Donizetti’s Concertino for Oboe had an able protagonist in the person of NS principal, Christie Goodwin. Her supple, easy tone suited the operatic declamations well and her wide dynamic range and varied, clean articulation were spot on. The only quibble came from the ensemble problems with her regular seat-mate Douglas Miller, which was probably the result of the wholesale rearrangement of the band once the younger set left the stage.
It’s always a challenge to step out of the trenches and into the spotlight—abandoning the “I must follow the baton” for the more soloistic “catch me if you can” that is vital to making a personal statement when leading the fray. Let’s hope for a return engagement soon!
Before intermission Swift fired on all cylinders with a frenetic reading of John Estacio’s The Harvesters—the Canadian answer to Copland’s Red Ear of Corn. From the Stravinsky-raw opening, where the trombones ate up every note with compelling zest, only to be out-muscled by the perfectly edged trumpets, this performance enthused the room in a way too seldom felt at these concerts. Much more please! (But, as Richard Strauss once advised, “Don’t encourage the brass.”)

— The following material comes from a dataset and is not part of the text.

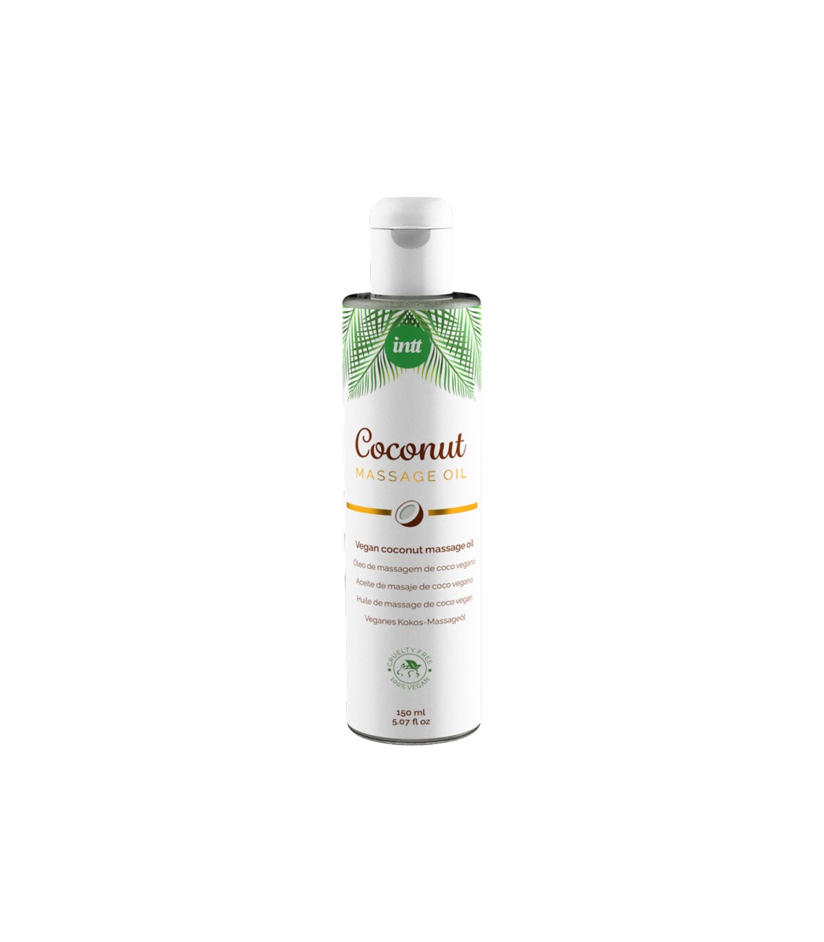 Massage Oil Vegan Coconut de INTT es un aceite de masaje con aroma a dulce coco muy deslizante que deja la piel aterciopelada para un masaje corporal relajante o erótico.

A new feature in JWR, and in conjunction the Niagara Symphony Association, newcomers to the subscription series concerts (Pops and Masterworks) are invited to attend free of charge then offer their candid first-time opinion.
Having enjoyed a Pops concert so thoroughly last December (cross-reference below), our Concert Companion made a return visit to sample a program where none of the music was familiar.

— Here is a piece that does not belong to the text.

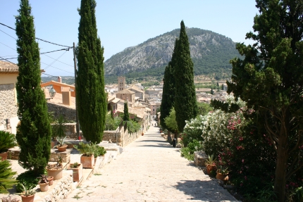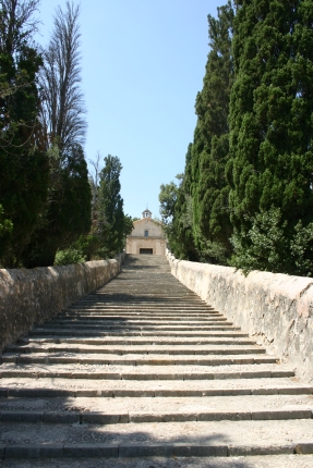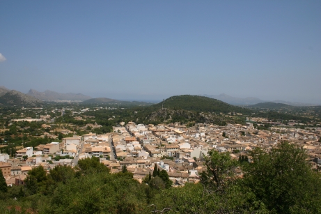 Ganz im Nordosten der Insel liegt die Halbinsel Formentor- sehr beeindruckende Felsformationen. Diese haben wir auf diesmal ebenfalls ausgelassen und sind stattdessen ein Stück ins Landesinnere, nach Pollensa. Pollensa liegt dem Berg Ternelles zugewandt. Umsiedler aus Alcudia, die im 14. Jht vor Piratenüberfällen weiter ins Landesinnere flüchteten, gaben der Stadt ihren Namen, der römischen Ursprungs ist: Polentia. Das Stadtbild stammt aus dem 16. Jahrhundert. Aus der Römerzeit ist eine alte Brücke erhalten geblieben. Die Straßen sind eng und verwinkelt, und es gibt eine Einbahnstraße nach der anderen- schnell hat man das Gefühl in einem Irrgarten zu sein. Ein bisschen erinnert es an eine maurische medina. Das besondere an Pollensa ist jedoch der Stadthügel, „Puig de Calvari“, 170m und mit einem Treppenweg mit 365 Stufen zu erreichen. Von oben hat man einen tollen Blick auf die Umgebung. Man kann auch mit dem Auto rauf fahren und dann die Treppe herunter laufen. So habe ich es gemacht und mit meinem Mann vereinbart, dass er mich dann unten am Platz abholt. Das klappte aber nicht, da auf dem Weg dorthin ein Laster den Weg versperrte und er keinen Weg mehr in dem Irrgarten der Straßen zu mir fand. Ich versuchte in der Zwischenzeit irgendwie an die Hauptstraße zu kommen, wobei ich ebenfalls fast die Orientierung verlor, so dass ich mich dann doch entschloss, zum Ende der Treppe zurückzukehren. In der Zwischenzeit hatte mein Mann das Auto irgendwo abgestellt und war ebenfalls zur Treppe gegangen, und so fanden wir uns doch wieder.

“I really quite enjoyed it. I realized that you don’t need to recognize the music to appreciate it. I was also overjoyed to hear that I was not the only one who enjoyed the first half better than the last. The music in the first half kept me excited and interested. After intermission, I felt myself nodding off. It seemed to me that the Goldmark symphony was just different variations of the same music. Like comparing apples to oranges or in my case (I think you know the music I like) comparing Country & Western (yuk!) to the "classic" rock.
“Saying that, I do appreciate being introduced to a new genre of music that I can feel and ’see.’ The musicians are amazing and the conductor certainly worked for his wage, (especially, compared to the Christmas concert).”